Although the disclosure focuses on this particular configuration of the first and second wavelength division multiplexers, other suitable configurations may be used. For example, in some examples as shown in Fig. 12, the first and second

wavelength division multiplexers

231 and 232 include

notch filters

2314 and 2324 corresponding to the respective fluorescence channels. Due to the provision of the

notch filters

2314 and 2324, the crosstalk of the side scattered light SSC to the fluorescence light FL may be reduced or eliminated. In this case, the beam splitter 233 may only include a dichroic mirror 2332 with no notch filter. In an alternative example as shown in Fig. 13, similarly, the beam splitter 333 may only include a dichroic mirror 3332 with no notch filter. The first and second

wavelength division multiplexers

331 and 332 may include

dichroic filters

3313 and 3323 for firstly separating the side scattered light SSC from the fluorescence light FL to reduce or eliminate the crosstalk of the side scattered light SSC to the fluorescence light FL, as shown in Fig. 13.

In the side collection part 130, a diameter of the collection fiber 136 may be different from diameters of the first fiber 137 and the second fiber 138 according to the light transmission efficiency. Lenses in the beam splitter may cause aberration, and thus the output light spots may be larger than input of the beam splitter, and the fiber diameters may be selected to account for this. In general, the diameter of the collection fiber 136 is less than diameters of the first fiber 137 and the second fiber 138. For example, the diameter of the collection fiber 136 may be about 0.4 mm, and the diameters of the first fiber 137 and the second fiber 138 may be about 0.6 mm. It should be understood that the diameters of the fibers may be changed as needed and are not limited to the example illustrated in the present disclosure.

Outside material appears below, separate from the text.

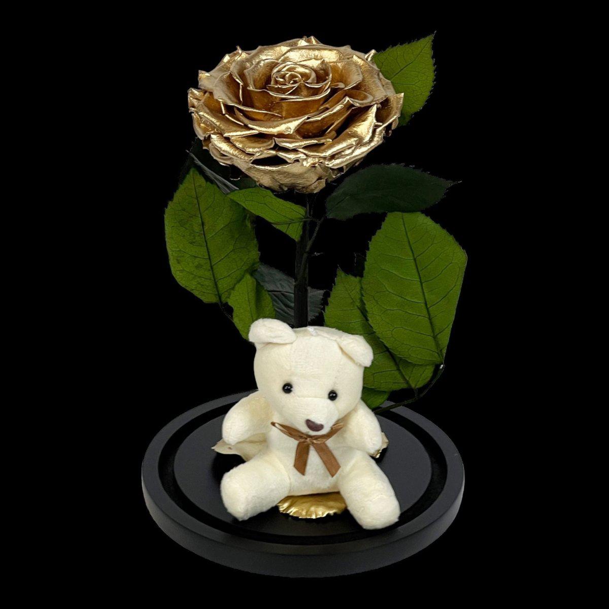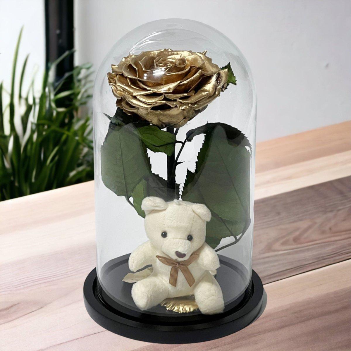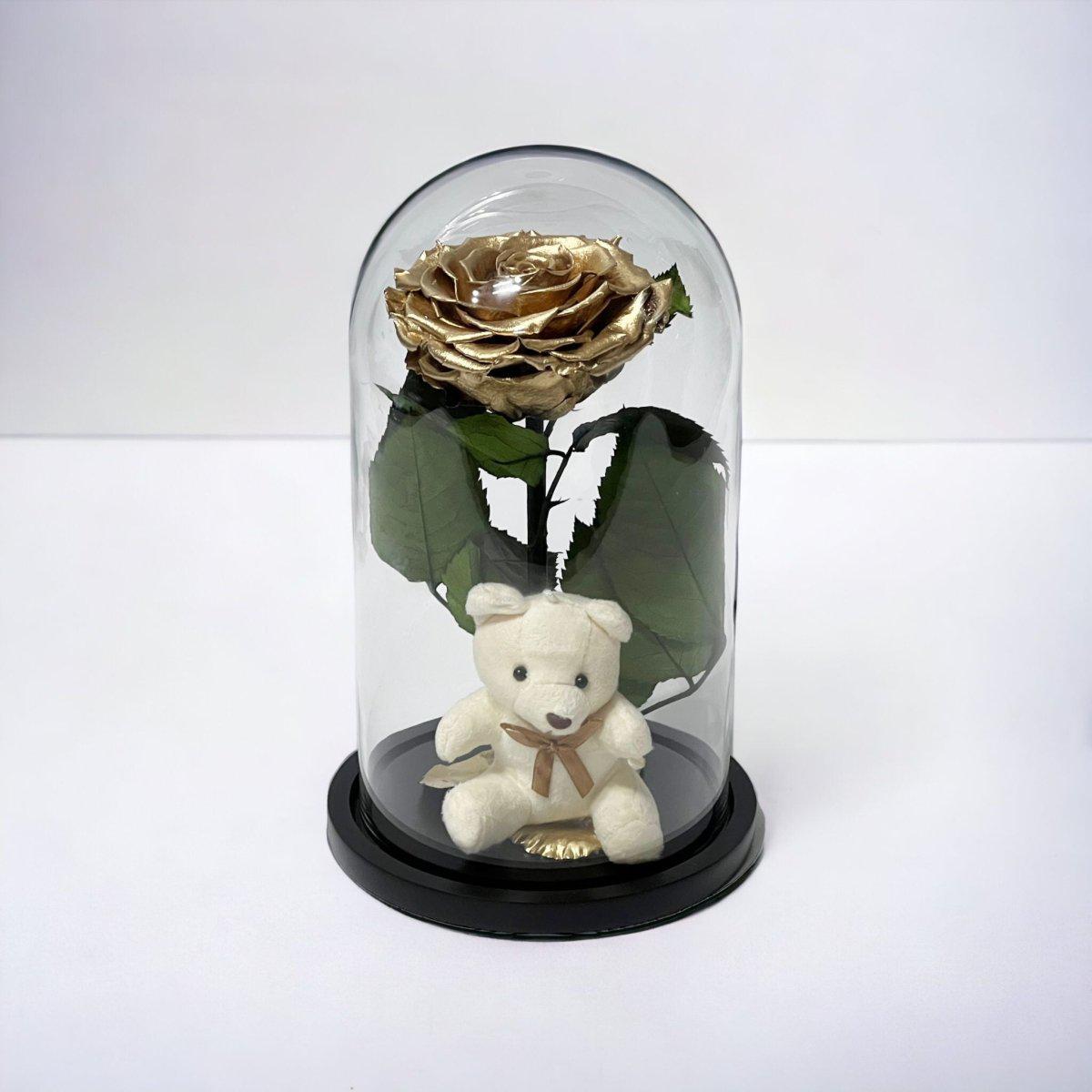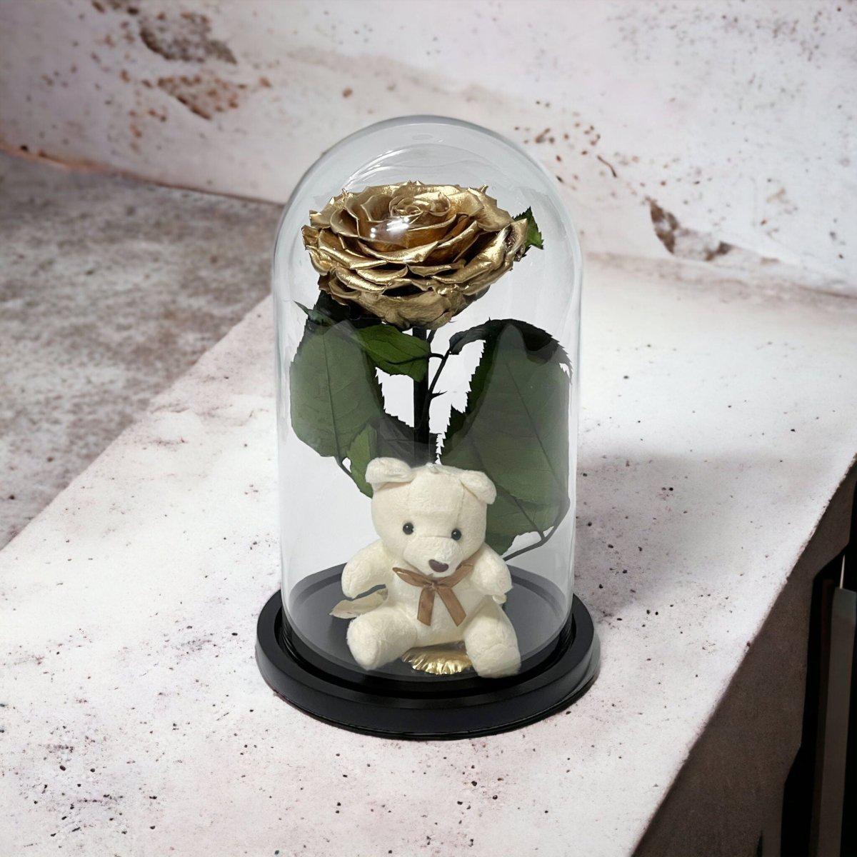 Trandafir Criogenat Bonita Auriu Cu Cupolă De Sticlă Și Ursuleț De Plus 9 9,5 Cm
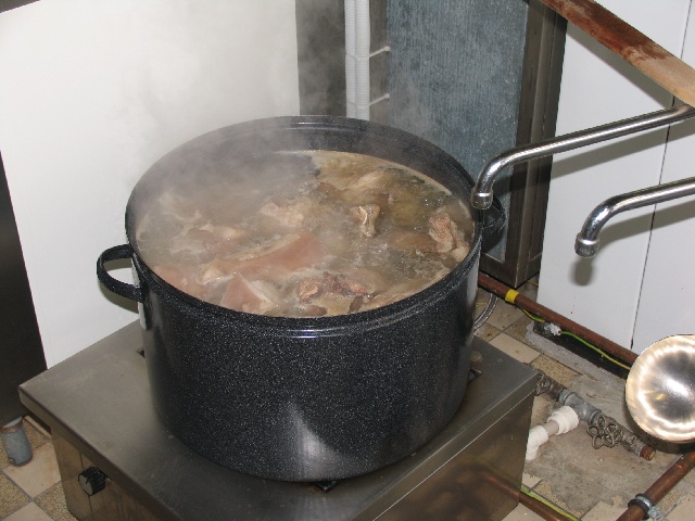 A vařilo se maso na výrobu zabíjačkových specialit...

The forward collection part 150 includes an obscuration bar 155, a concave mirror 151, a filter 157 and a forward detector 159. The obscuration bar 155 is configured to block a large portion of the light transmitted through the cuvette 15 (e.g., within a central radius of the light emitted from the cuvette toward the concave mirror 151) so as to reduce background noise created by the light beams that go directly through the cuvette. The majority of lights may be blocked so as not to saturate the forward detector. The obscuration bar 155 may be made of anti-reflected material. The concave mirror 151 is configured to reflect a forward scattered beam emitted from the nanoparticles. The filter 157 is configured to allow a light with a high signal-to-noise ratio to pass, and block other lights. For example, the filter 157 may be selected to allow one of the lights emitted from the light sources 111a to 111d and block the other three lights. The forward detector 159 receives the filtered forward scattered light from the blocking filter 157, processes and analyzes the forward scattered light.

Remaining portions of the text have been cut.